▶ _Work to complete_:
Pictures are to be left out, but please repeat each record exactly.

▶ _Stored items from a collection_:
++++++++++

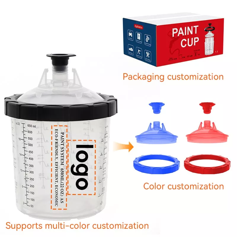 Le système de gobelets de peinture jetables de 600 ml 1.0 est le gobelet standard le plus polyvalent adapté aux zones où 22 fl oz ou moins de matériau sont pulvérisés. AYSPAT propose une variété de systèmes de gobelets PPS avec différents modèles parmi lesquels vous pouvez choisir, et peut également être personnalisé pour répondre à vos besoins : le gobelet extérieur peut être personnalisé avec le logo et l'échelle de votre marque, et le couvercle peut être personnalisé avec la couleur et le type de filtre. Nous nous engageons à développer des systèmes de gobelets pulvérisateurs jetables plus efficaces et plus pratiques pour aider les peintres à terminer leur travail de peinture de manière professionnelle et efficace.
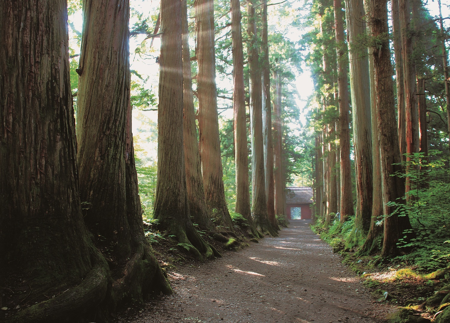 随神門をくぐり進むと、両側に樹齢約400年の杉並木があり、神秘的な雰囲気です。
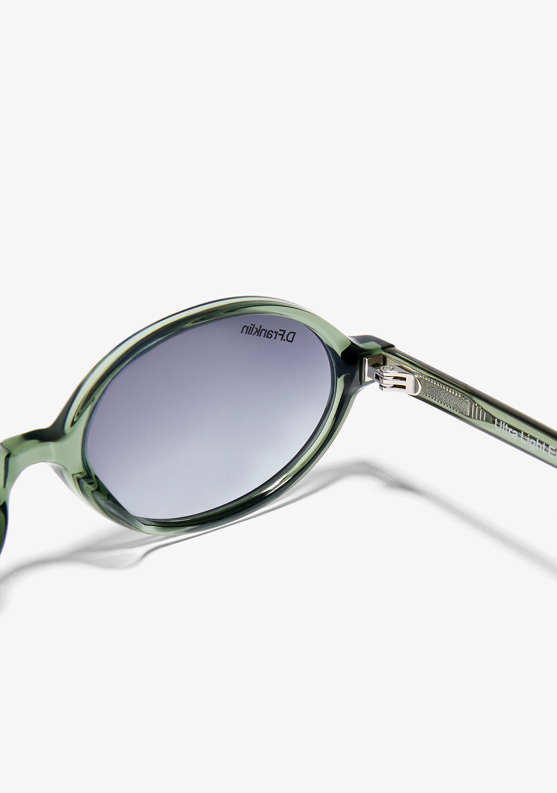 Discover the Ultra Light Ellipse Green / Grad Smoke by D.Franklin, sunglasses designed for those who seek to combine style and functionality in a unique accessory. With a TR90 frame and bridge, an ultra-lightweight and durable material, along with acetate temples, they provide a sturdy structure and comfortable fit for extended wear.
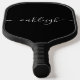 A modern minimalist pickleball paddle design featuring a white script and sans serif typography, on a black background.
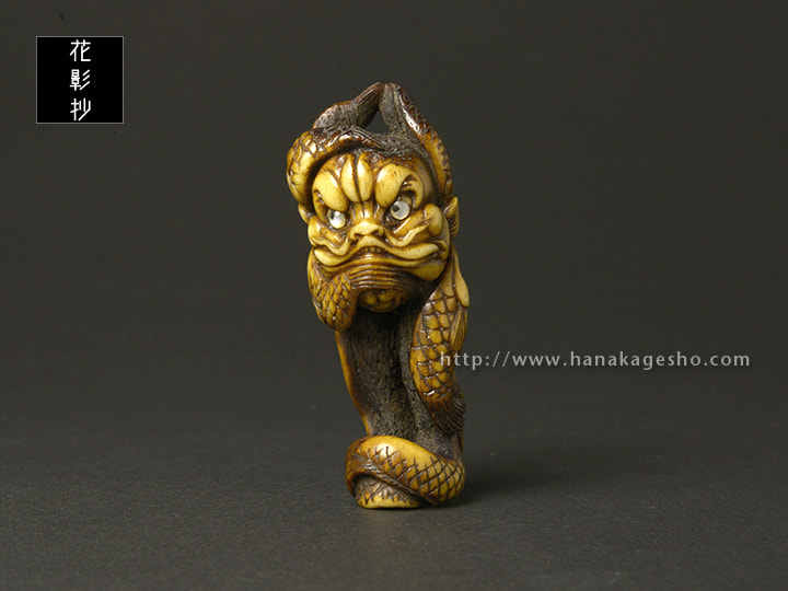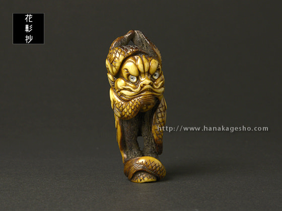 私は、何罗鱼(何羅魚)を川神としてデザインしている。 顔は考え込むような真剣な表情で、10の胴体が背中から回転して出てくる形になっている。10体のうち、2体がバランスを保つように立ち、2体が頭頂で合掌、2体が「考える人」のように膝と頭に抱えて、ほかの4体は回転させて作品に活き活きとした動きを与えている。(子竹) |
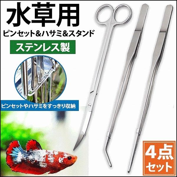 水草 トリミング アクアリウム ハサミ 水槽 メンテナンス セット 熱帯魚 ホルダー ピンセット 27cm はさみ 25cm スタンド付 ハーバリウム お手入れ 4点セット
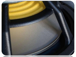 チタン製ボイスコイルと最適化されたサスペンションがマグネットシステムを高能率化し、剛性なピストン動作のために、補強されたエッジを振動板の外端に一体化。最低周波数帯域までパワフルかつ軽やかな再生を実現したとしている。
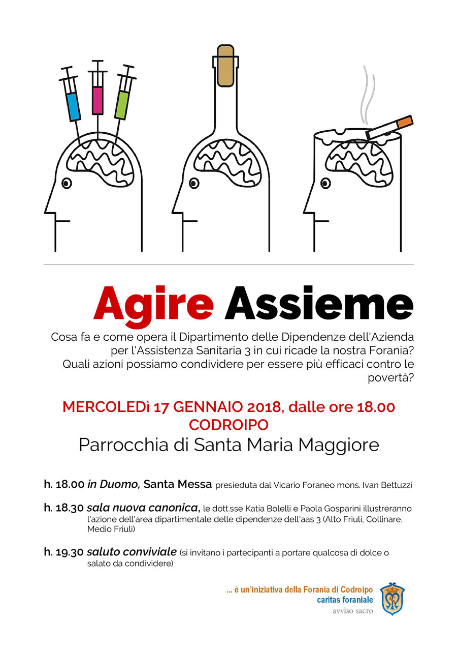Mercoledì 17 gennaio 2018 a partire dalle ore 18 ci sarà un nuovo momento di info-formazione per i volontari Caritas e tutte le persone interessate: saranno ospiti le dott.sse Bolelli e Gosparini del Dipartimento delle Dipendenze dell’Azienda per l’Assistenza Sanitaria 3 (in cui ricade la Forania di Codroipo), che parleranno di cosa fa il Dipartimento e di quali azioni si possono condividere come Caritas per essere più efficaci contro le povertà e le dipendenze che toccano anche molti degli assistiti.
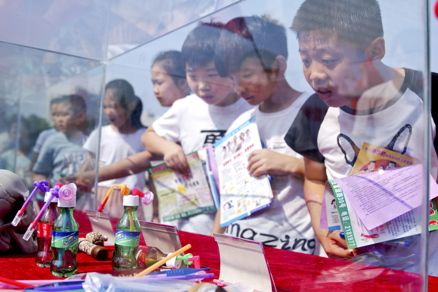 6月26日是第32个国际禁毒日。当日我市举行禁毒宣传活动,活动旨在让大家通过认识毒品危害,达到远离毒品的目的。图为学生们在观看吸毒工具仿真模型。 记者 樊朋展 摄
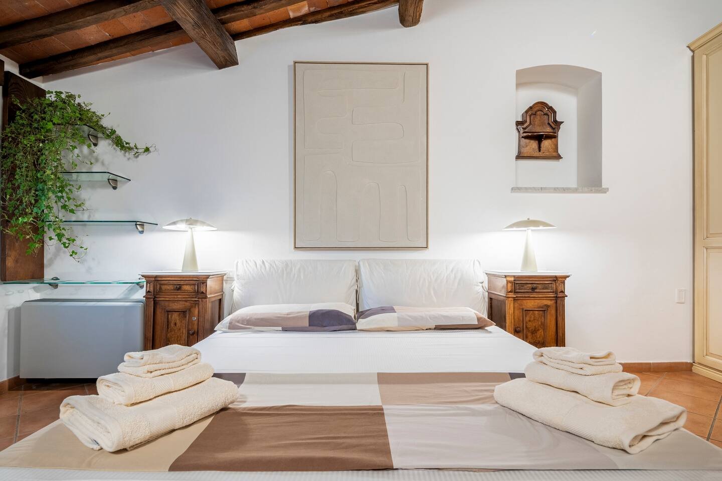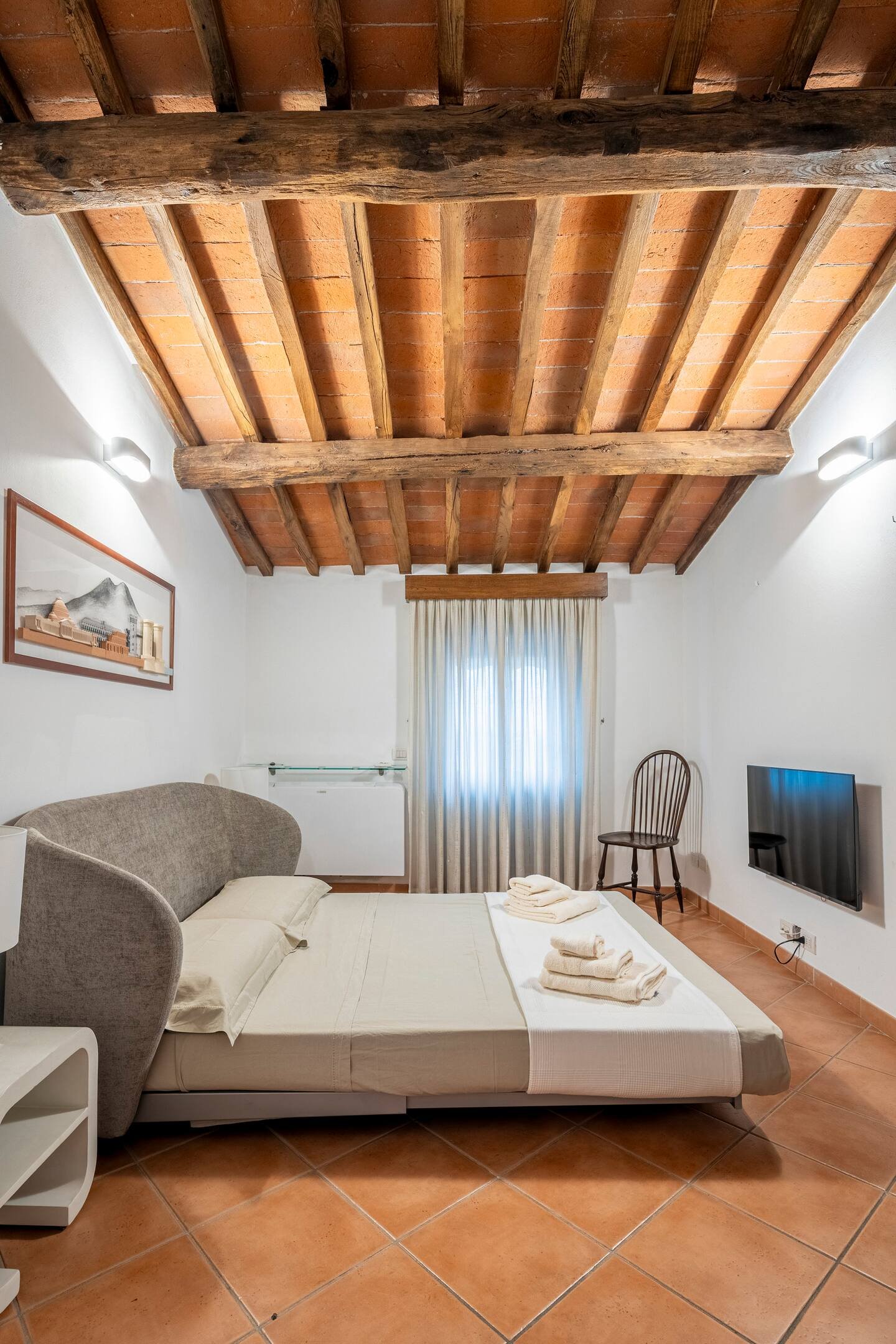 Seconda Camera matrimoniale con armadio, Smart TV, topper e biancheria 100% cotone di alta qualità.
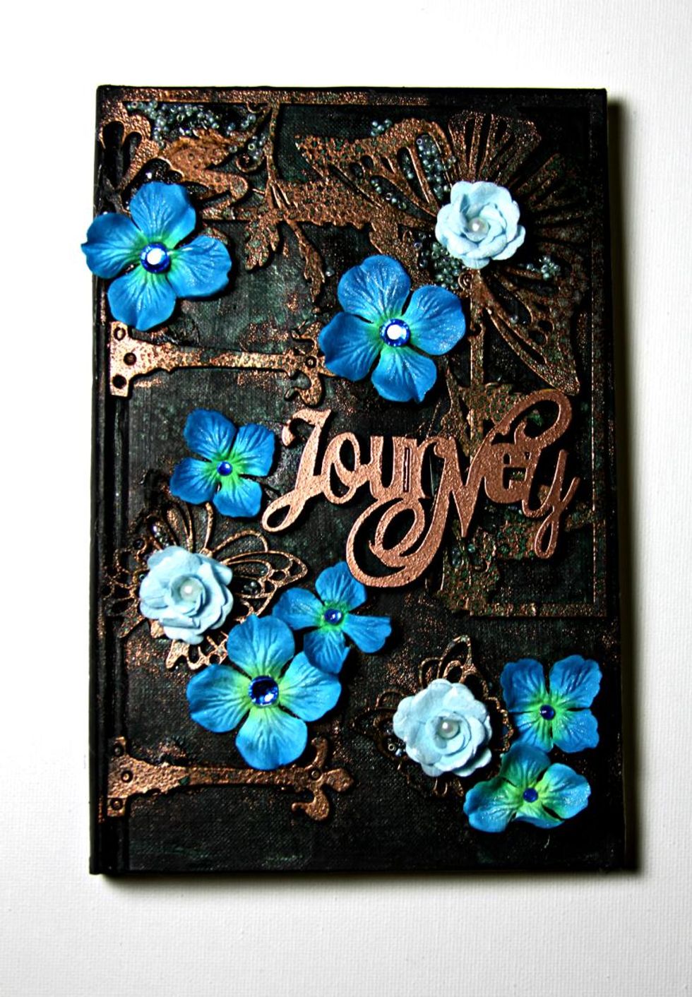 Using the Art Anthology Orbital Stencil and Black Leather Sorbet ad texture to your book cover. allow to dry and adhere your chosen chipboard pieces to your book cover and paint with Gesso.
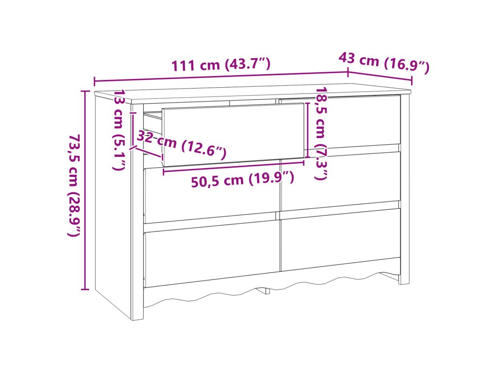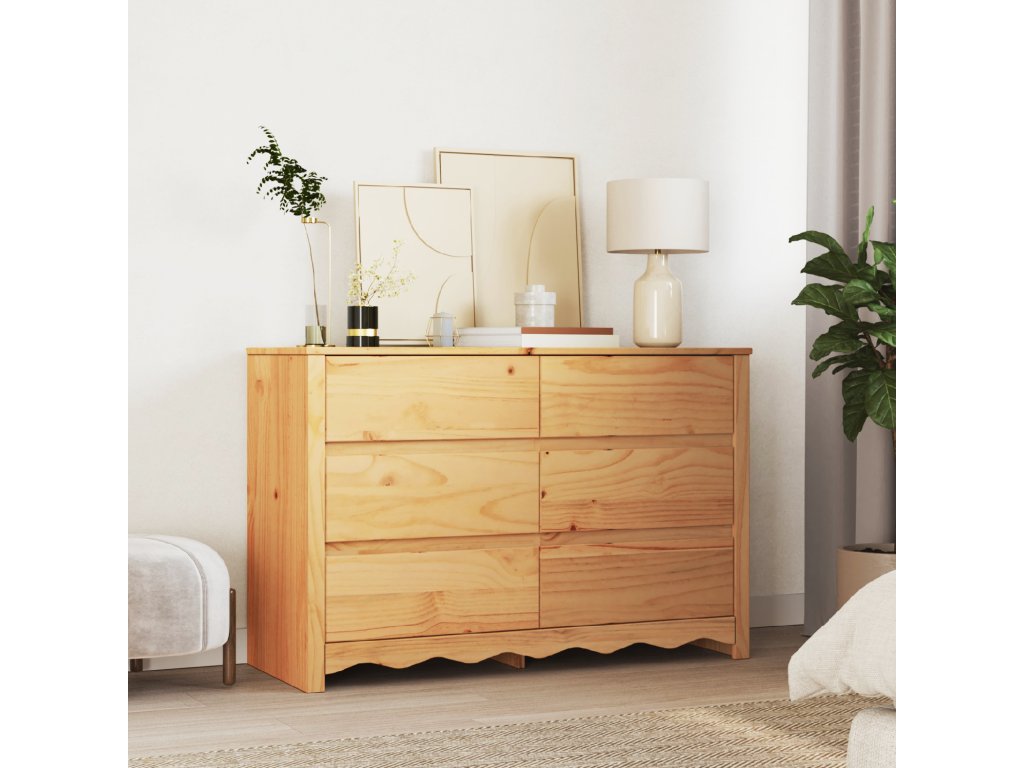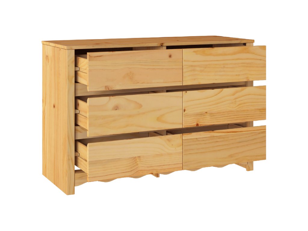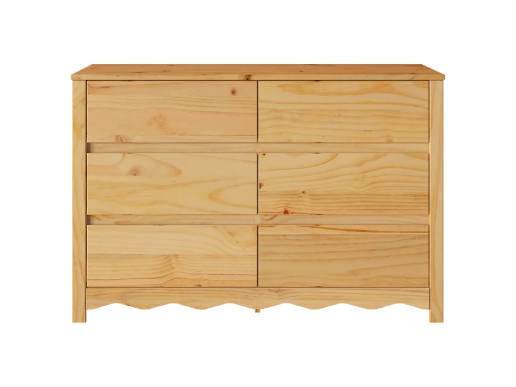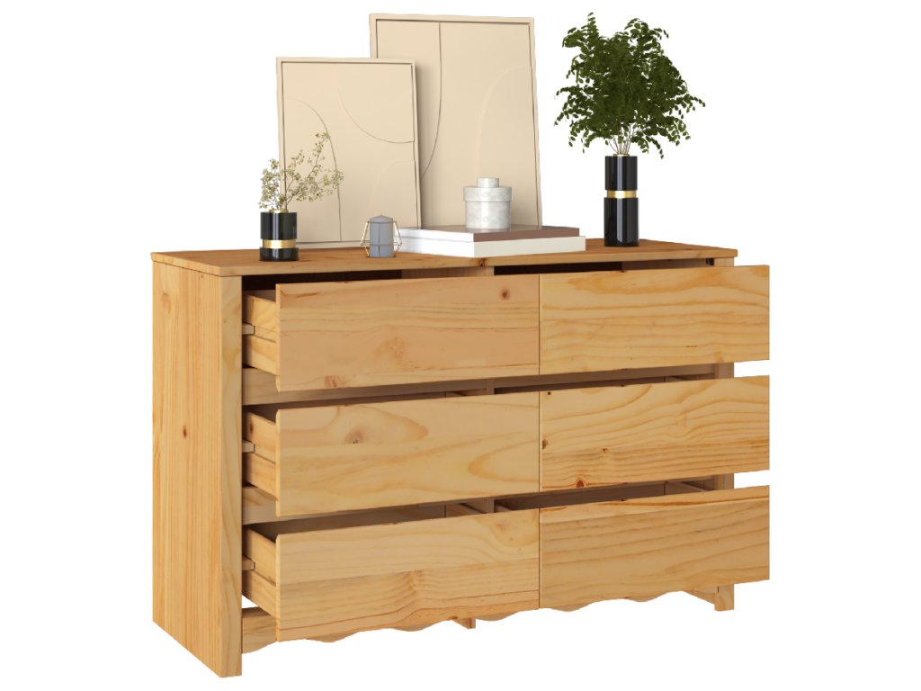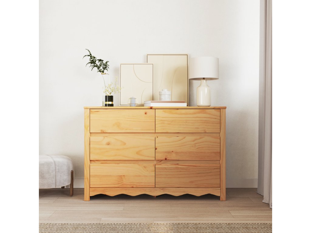 Tato stylová komoda má čistý a elegantní design, skvělá pro ty, co mají rádi praktické věci se špetkou stylu. Dává se s šesti prostornýma zásuvkama z masivního dubu, ideální pro uložení oblečení a osobních věcí v ložnicích nebo chodbách.

++++++++++

▶ _Completed task_:
 Le système de gobelets de peinture jetables de 600 ml 1.0 est le gobelet standard le plus polyvalent adapté aux zones où 22 fl oz ou moins de matériau sont pulvérisés. AYSPAT propose une variété de systèmes de gobelets PPS avec différents modèles parmi lesquels vous pouvez choisir, et peut également être personnalisé pour répondre à vos besoins : le gobelet extérieur peut être personnalisé avec le logo et l'échelle de votre marque, et le couvercle peut être personnalisé avec la couleur et le type de filtre. Nous nous engageons à développer des systèmes de gobelets pulvérisateurs jetables plus efficaces et plus pratiques pour aider les peintres à terminer leur travail de peinture de manière professionnelle et efficace.
 随神門をくぐり進むと、両側に樹齢約400年の杉並木があり、神秘的な雰囲気です。
 Discover the Ultra Light Ellipse Green / Grad Smoke by D.Franklin, sunglasses designed for those who seek to combine style and functionality in a unique accessory. With a TR90 frame and bridge, an ultra-lightweight and durable material, along with acetate temples, they provide a sturdy structure and comfortable fit for extended wear.
 A modern minimalist pickleball paddle design featuring a white script and sans serif typography, on a black background.
 私は、何罗鱼(何羅魚)を川神としてデザインしている。 顔は考え込むような真剣な表情で、10の胴体が背中から回転して出てくる形になっている。10体のうち、2体がバランスを保つように立ち、2体が頭頂で合掌、2体が「考える人」のように膝と頭に抱えて、ほかの4体は回転させて作品に活き活きとした動きを与えている。(子竹) |
 水草 トリミング アクアリウム ハサミ 水槽 メンテナンス セット 熱帯魚 ホルダー ピンセット 27cm はさみ 25cm スタンド付 ハーバリウム お手入れ 4点セット
 チタン製ボイスコイルと最適化されたサスペンションがマグネットシステムを高能率化し、剛性なピストン動作のために、補強されたエッジを振動板の外端に一体化。最低周波数帯域までパワフルかつ軽やかな再生を実現したとしている。
Mercoledì 17 gennaio 2018 a partire dalle ore 18 ci sarà un nuovo momento di info-formazione per i volontari Caritas e tutte le persone interessate: saranno ospiti le dott.sse Bolelli e Gosparini del Dipartimento delle Dipendenze dell’Azienda per l’Assistenza Sanitaria 3 (in cui ricade la Forania di Codroipo), che parleranno di cosa fa il Dipartimento e di quali azioni si possono condividere come Caritas per essere più efficaci contro le povertà e le dipendenze che toccano anche molti degli assistiti.
 6月26日是第32个国际禁毒日。当日我市举行禁毒宣传活动,活动旨在让大家通过认识毒品危害,达到远离毒品的目的。图为学生们在观看吸毒工具仿真模型。 记者 樊朋展 摄
 Seconda Camera matrimoniale con armadio, Smart TV, topper e biancheria 100% cotone di alta qualità.
 Using the Art Anthology Orbital Stencil and Black Leather Sorbet ad texture to your book cover. allow to dry and adhere your chosen chipboard pieces to your book cover and paint with Gesso.
 Tato stylová komoda má čistý a elegantní design, skvělá pro ty, co mají rádi praktické věci se špetkou stylu. Dává se s šesti prostornýma zásuvkama z masivního dubu, ideální pro uložení oblečení a osobních věcí v ložnicích nebo chodbách.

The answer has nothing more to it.